Things have changed, as they inevitably do after all these years, what with the baldness, the sagging body parts and the inability of an older and less robust body to process obscene amounts of bitter. But, enough about my brother. Now pubs stay open later, and they aren’t closed through the afternoon, to reopen in the early evening. Smokers have to stand outside in the cold and the rain, about which I cannot find an appropriate comment. Many of the pubs are parts of chains, which have standardized things a lot, and not necessarily for the better. Still, even a chain pub is better than the vast majority of soul-destroying places you go to imbibe a beer  in the US, and yes, I am looking at you Hooters.

We’ve been spreading ourselves around a bit lately, refusing to commit to any particular pub, keeping our options open. We have a plethora of old pubs in the immediate area that are just a hop, skip and a jump away (oh, bliss!).

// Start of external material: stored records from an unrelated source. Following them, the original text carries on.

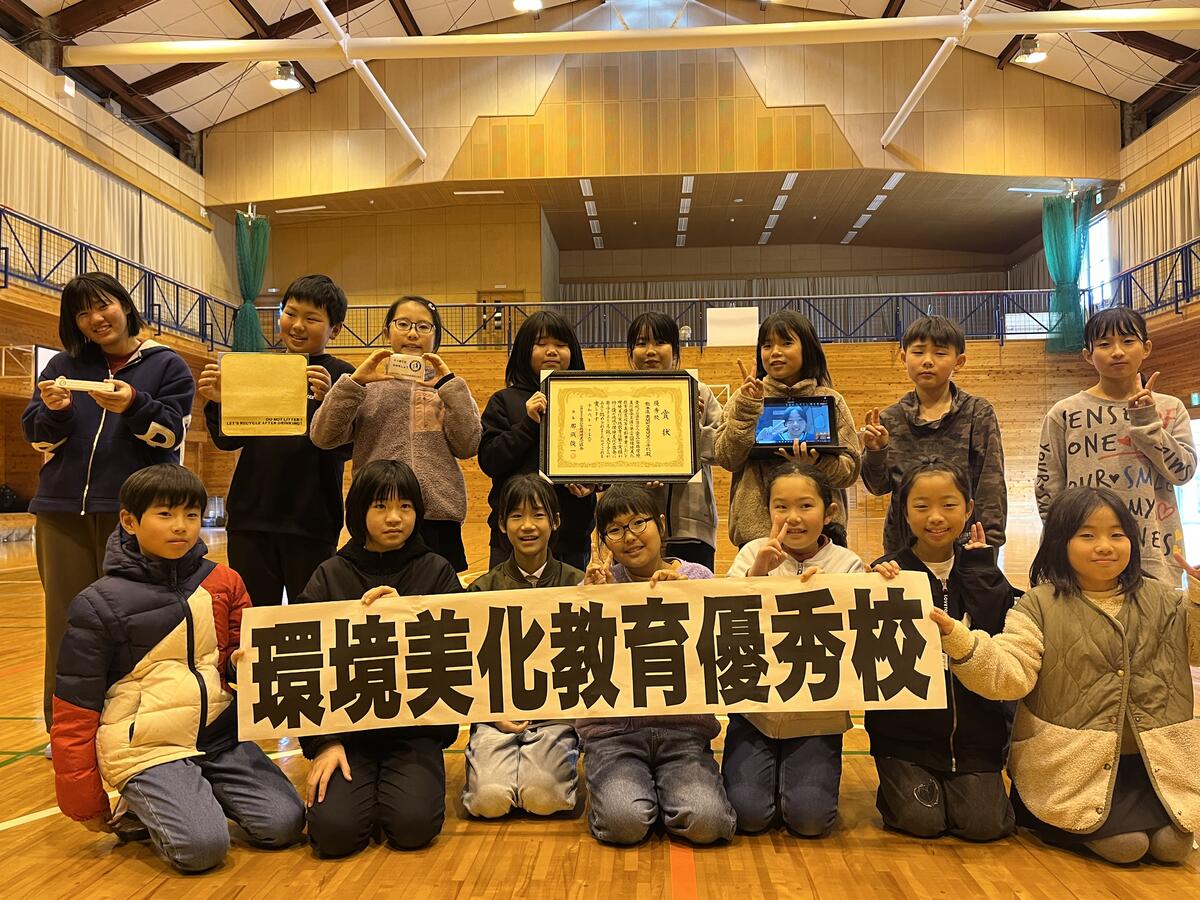 公益社団法人食品容器環境美化協会(略称:食環協、会長:那須 俊一)から、本年度の「環境美化教育優良校等表彰事業」において、都道府県より推薦を受けた全国の小・中学校等の中から優秀校6校の中に選ばれ、表彰をいただきました。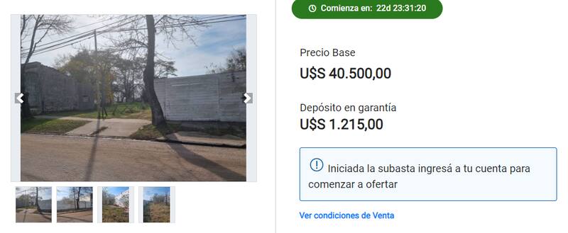 El precio de base iniciará en u$s 40.500. Para poder participar se deberá efectuar un depósito de garantía de u$s 1215. El terreno cuenta con cerco perimetral de madera en su frente y uno de sus laterales.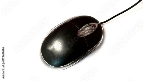 Close up of a black wired computer mouse isolated on white. Technology, computing, input device concept.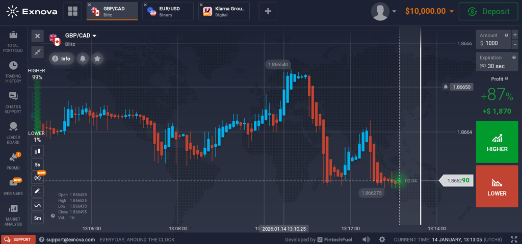 Exnova uses a fixed-expiry trading model, where each position is resolved at a predefined time rather than managed through stop-loss or take-profit levels. Once a trade is placed, the expiry cannot be adjusted, and there are no early close options.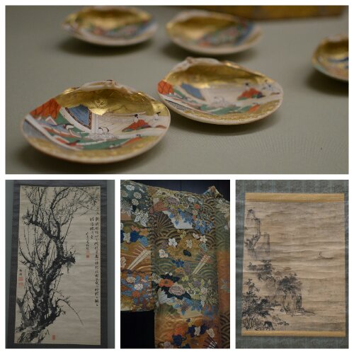My kind of museum with a sensible number of well-lit exhibits spread throughout different rooms of a high ceilinged building, some of which had English descriptions. There were plenty of statues, portraits, artefacts and calligraphy but we particularly enjoyed the 18th century ukiyo-e (woodblock prints/paintings of ‘the floating world’), the samurai swords and the various intricately woven items of traditional clothing – kosodes, furisodes and karaoris.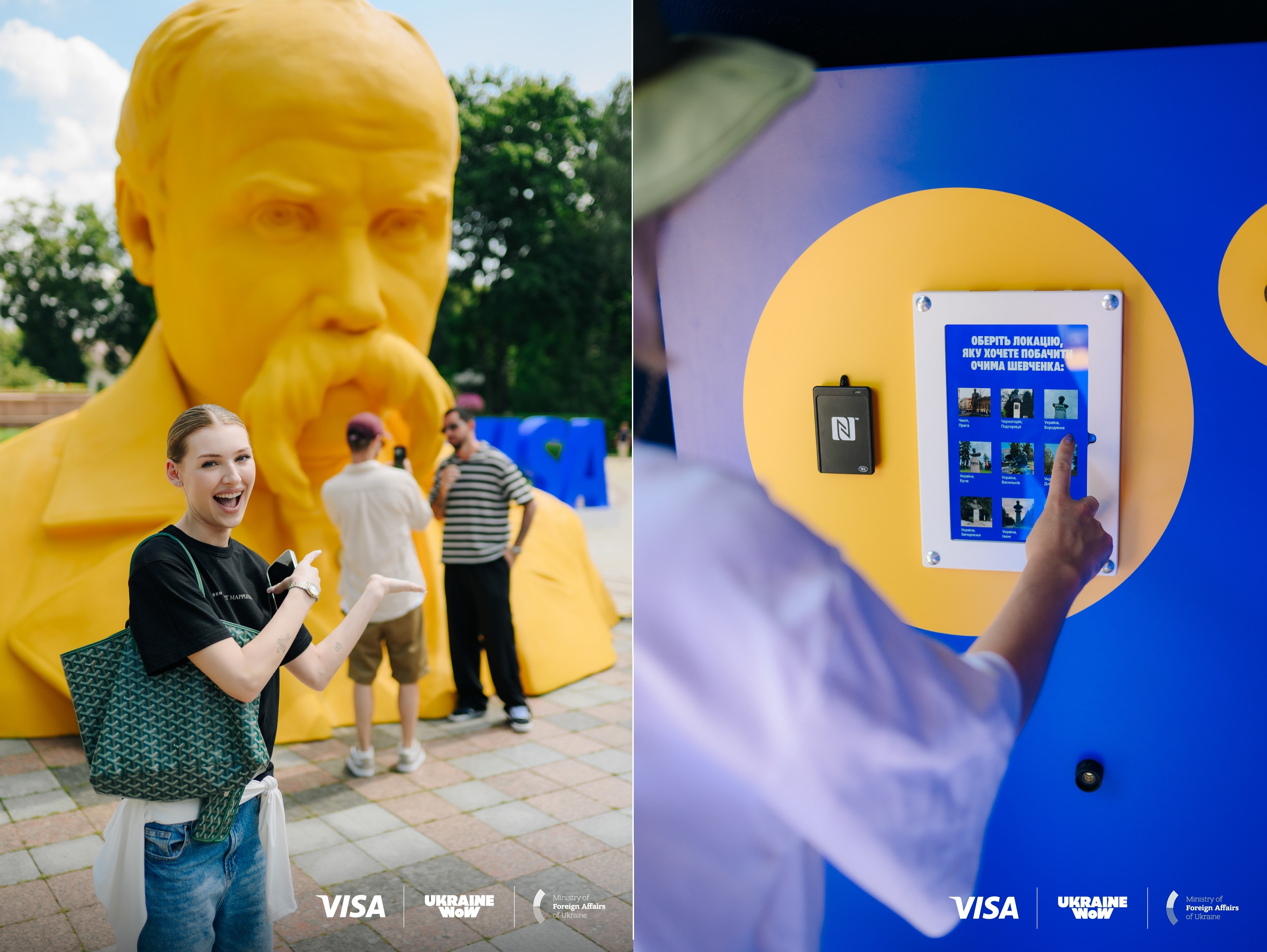 Во вторник, 5 августа, в центре Киева установили 5-метровый бюст Тараса Шевченко. Внутри интерактивной инсталляции размещены глазки, благодаря которым можно попасть в 80 локаций по всему миру, где установлены памятники Шевченко, и посмотреть вокруг его взглядом.

There’s the Ye Olde Watling, supposedly one of the first buildings rebuilt after the Great Fire of 1666, for the hale fellows who would be rebuilding the hundred or so churches in the City destroyed by the Fire. Then there’s Williamson’s Tavern, which used to be the abode of the Lord Mayors of the City of London. A brilliant piece of repurposing, if you ask me. We also like the Golden Fleece, which doesn’t seem to have any actual history associated with it, though, if experience is any guide, Dickens probably drank there. Much like the old saw of ‘Washington slept here’ in the former colonies, here in London, it’s ‘Dickens drank (or ate) here’. Honestly, I have no idea how the man got any writing done, every pub and restaurant in the city seems to claim he was a regular patron.

We’ve just discovered a new pub, which might be Mary’s personal favorite. The Blackfriar is something like six or seven blocks to the west, an unconscionable distance to walk in LA for instance, but here it’s just a bit of a stroll, and always well worth it, if there’s a good pub at the end. Mary believes the décor dates from the Aesthetic Movement era, which she tells me is the British equivalent of Arts and Crafts, so see, I do pay attention sometimes. Mary thrives on this stuff. I thrive on pints of bitter, so everyone gets what they want, a happy marriage.

So, we’re having a good time. Pretty much avoided all the election ads, robocalls and mailers back in the States, and not regretting that in the least. We mailed in absentee ballots so we did our civic duty. Now Colorado has legalized pot and we’re stuck in this drizzly, gloomy hellhole for the next couple of months, doomed to drink all of our beer at temperatures just south of the room temperature, while everyone in the Rockies is stocking up on Cheetos.